New York City has been a housing market paradox over the last two years: with declining population and falling rent, the city is clearly facing a decline in demand. But with rent levels still extremely high and construction in the city and suburbs throttled by regulation, the city seems poised to grow if ever those regulations were lifted.

The decline in demand for New York living seems to be real. The Census Bureau’s annual county population estimates released last week showed a second consecutive year of population decline. Rent also fell from July 2017 to July 2018, according to Zillow, dropping 3.3 percent in Brooklyn, 2.5 percent in Manhattan, and one percent in Queens. Several of the suburban counties around New York also lost population and had falling or stagnant rent and home prices.

The population decline, which has reduced New York City’s population by 77,000 since July 2016, is a sharp reversal from the boom the city experienced between 2010 and 2015. Population and prices surged in all five boroughs. Even with the recent decline, New York’s population remains 2.7 percent above its 2010 level.

New York’s experience was unique: the other large East Coast metros all grew in 2018. Of the 48 counties in the Boston, Philadelphia, Baltimore, and Washington, DC metros, only four registered population drops, compared to nine of the 24 New York area counties.

Despite the demand decline, the high cost of New York living is also real. Rent is higher in the New York metro area than in any other East Coast metro. Vacancy rates in New York are far below the national average, so the drop in demand has not been enough to overcome the decades-long supply shortage.

The paradox can be reconciled by recalling from Econ 101 the real-world interpretation of a demand curve. A demand curve gives a relationship between quantity and price: how many people would choose to live in New York if average rent were $3,000 a month for a typical apartment? How many at $2,000? How many at $1,500?

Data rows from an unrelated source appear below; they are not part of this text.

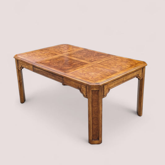 Vintage Burl Wood Dining Table, Hollywood Regency, New Deco, Mid Century, Square, Rectangular, Kitchen, Dining Room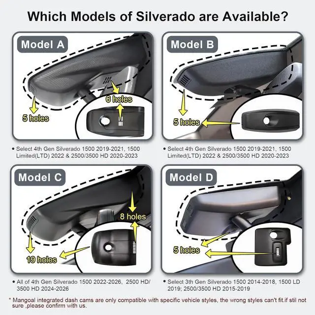 Custom fit for Chevrolet SilveradoMangoal 4k dash cam can fit perfectly behind the rear view mirror like original. No messy wiring exposed, no complicated rewire at all. Perfectly intergrated with Chevrolet Silverado 1500 2022-2026, 2500 HD/3500 HD 2024 2025 2026 vehicle styles, Such as WT, LT, RST, Costom Trail Boss, LTZ, LT Trail Boss, High Country, ZR2. (Model C), Not suitable for Silverado EV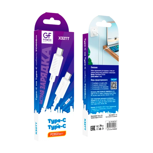 Кабель GFPower X32TT Type-C (m)-Type-C (m) 1м 60W ПВХ белый (1/30/420)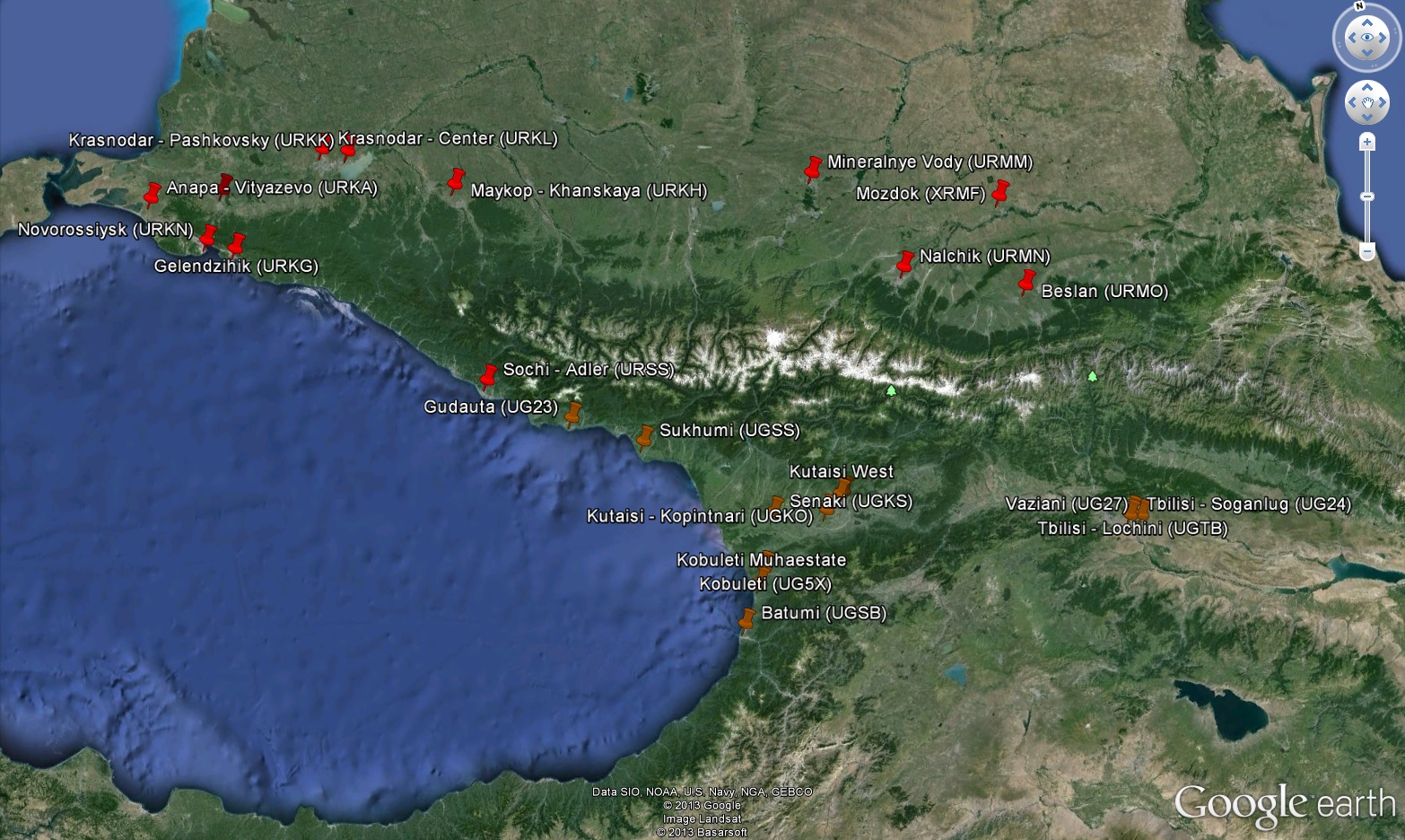 A KMZ file, includes all the Russian and Georgian airports with their respectives TWR, TACAN and ILS frequencies.

The recent drop in demand suggests that at current prices, the number of people willing to live in New York dropped. But the same demand curve implies that at lower prices, the population would be far greater. Academic estimates suggest that housing demand rises three percent for every two percent drop in rent. That does not mean that a drop in demand will reverse itself, but it does mean that if New York and its suburbs allowed housing supply to increase substantially, the population gains would dwarf the recent losses.

New York should not prepare for a long-term decline: the early indications are that the housing market is already on the comeback trail. The Zillow Rental Index shows a sharp rebound in New York City rents beginning in late 2018 and continuing through February 2019, the most current data available. If demand has indeed bounced back, next year’s population figures for the Big Apple will return to positive territory.